I knew exactly what he meant. “Me too. Never thought…”
“Me either.” He stroked my face and neck. I couldn’t get enough of looking at him, watching his reactions, hearing his murmured praise and soft moans. “You’re amazing.”
“Ditto.” I was rapidly losing the power of speech and rational thought. This was everything I’d ever wanted, every fantasy, every feverish late-night imagining, all right here, a thousand times better because it was Jasper. “Need…”
“I’ve got you.” And he did, reaching for me right as I did the same thing. I let him win though because his was the touch I craved.
“Jasper.” My head fell back and my whole body started to tense. “Hurry.”
And this time he finally complied, and then there was no more talking, no more thinking, only pleasure that seemed to go on and on. No beginning, no end, exactly like my feelings for Jasper. I couldn’t remember how I’d lived without him, without us, without this moment where we were more than our ordinary selves. Jasper would undoubtedly have some complicated math term to describe how this wasn’t addition but something more. Something extraordinary, and I never, ever wanted it to end.
“Wow.” At some point, Jasper had stiffened along with me, our moans mingling, and now he sounded as out of breath as I felt. His face was flushed and sweaty, and I wanted to look at him like this forever, memorize him in this moment.
“That was…” I was no better at speech than he was, voice all rough and rusty.
“Exactly.” Jasper gave me a tender kiss, brushing my now-damp hair. “You okay?”
“You have to ask?” I sounded drunk still, but this beat any other substance I’d tried, the best high I’d ever experienced.
“Always.” His eyes were serious again. And I knew he meant it, knew he always would ask, and that made my chest expand. Seeing that level of caring from him for me of all people was nothing short of breathtaking.
“You’re the best.” So many other things I could say, so many things I wanted to put words to, but I was still sex-drunk and drowning in the emotions I saw in his eyes.
And maybe he could sense that because he laughed and pretended to preen. “I try.”
“Me too. Don’t give up on me.” There. That was what I wanted to say—or part of it at least.
“I won’t.” The laughter was gone now, and I wanted it back because the sudden tension in his muscles reminded me of all the ways we could still fail. All the ways that I could still let everyone down. And now, so much more seemed to be on the line. I’d never dared to imagine something this good, and now the thought of losing it made my skin all clammy. I held him closer, trying to keep him with me as long as I could.
Chapter Twenty-Seven
Jasper
“Hold still.” Milo’s face wrinkled. He was adorable when he concentrated.
“How am I supposed to hold still if I don’t know what you’re doing?” I ignored his request and twisted around to try to see.

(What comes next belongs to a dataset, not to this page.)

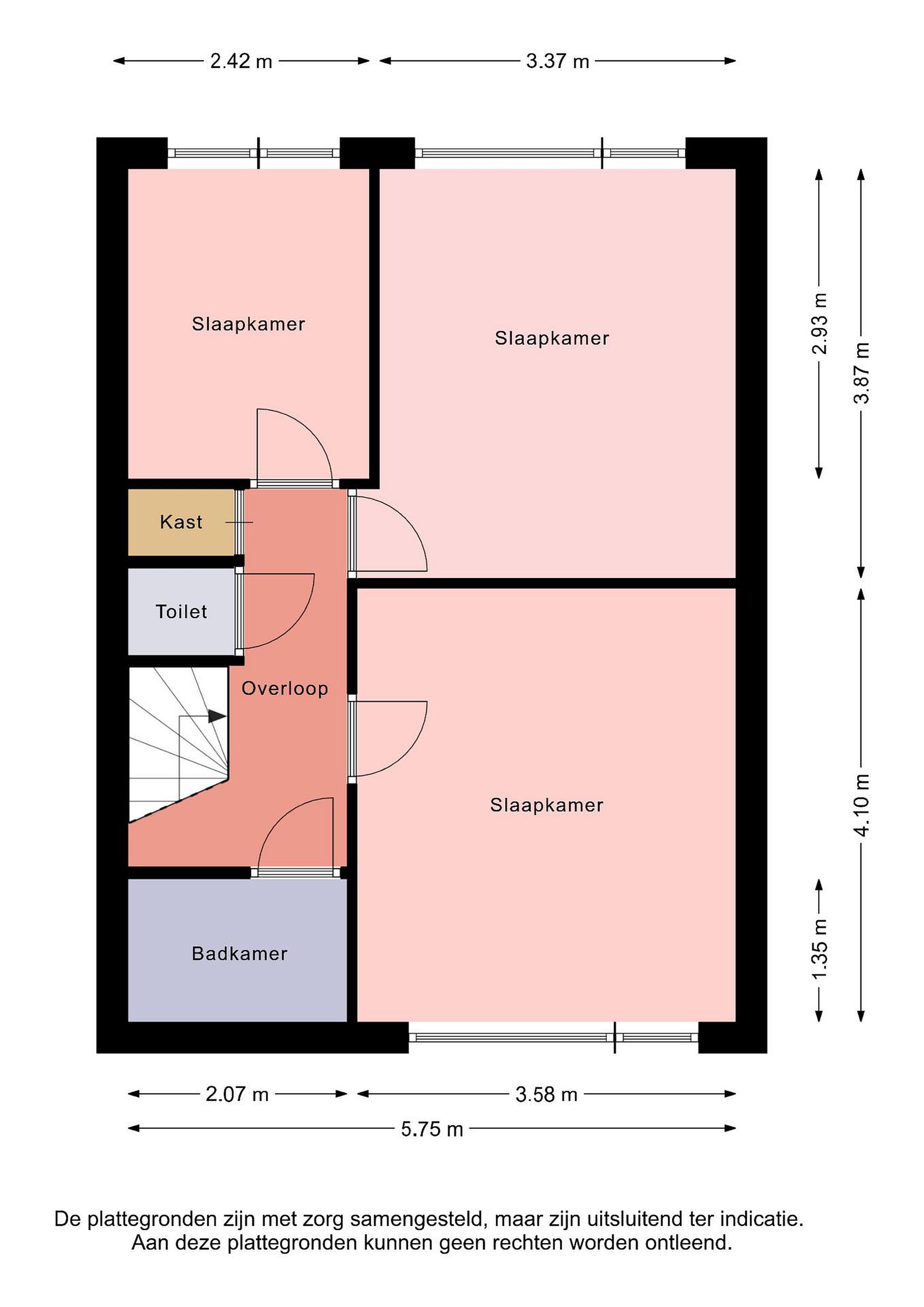 Verdieping: overloop met toilet en vaste kastruimte, drie slaapkamers en badkamer.

He was especially adorable like this—naked other than a pair of boxer briefs, sprawled in my desk chair, feet on the bed near where I lay, sketch pad in his hand.
“If you can’t tell…” He waggled a pencil in my direction. It was late, probably past when we should have tried for sleep, but we were both weirdly awake and energized. We’d both made use of my limited hot water after sex, then had a late-night snack, and now it was apparently arts-and-crafts time. Milo had retrieved his sketchbook amid some mumbles about a brainstorm. Which apparently involved me needing to hold still and not touch my postshower hair.
“Funny. Come on, am I at least going to get to see?”
“Maybe.” Milo reached for our half-eaten bag of popcorn and fed me a few kernels. “Here. Maybe this will keep you quiet.”
“This would be a better incentive.” Rising to my knees, I gave him a fast, salty kiss as my body tried its best to convince us both that going again would be a most excellent idea.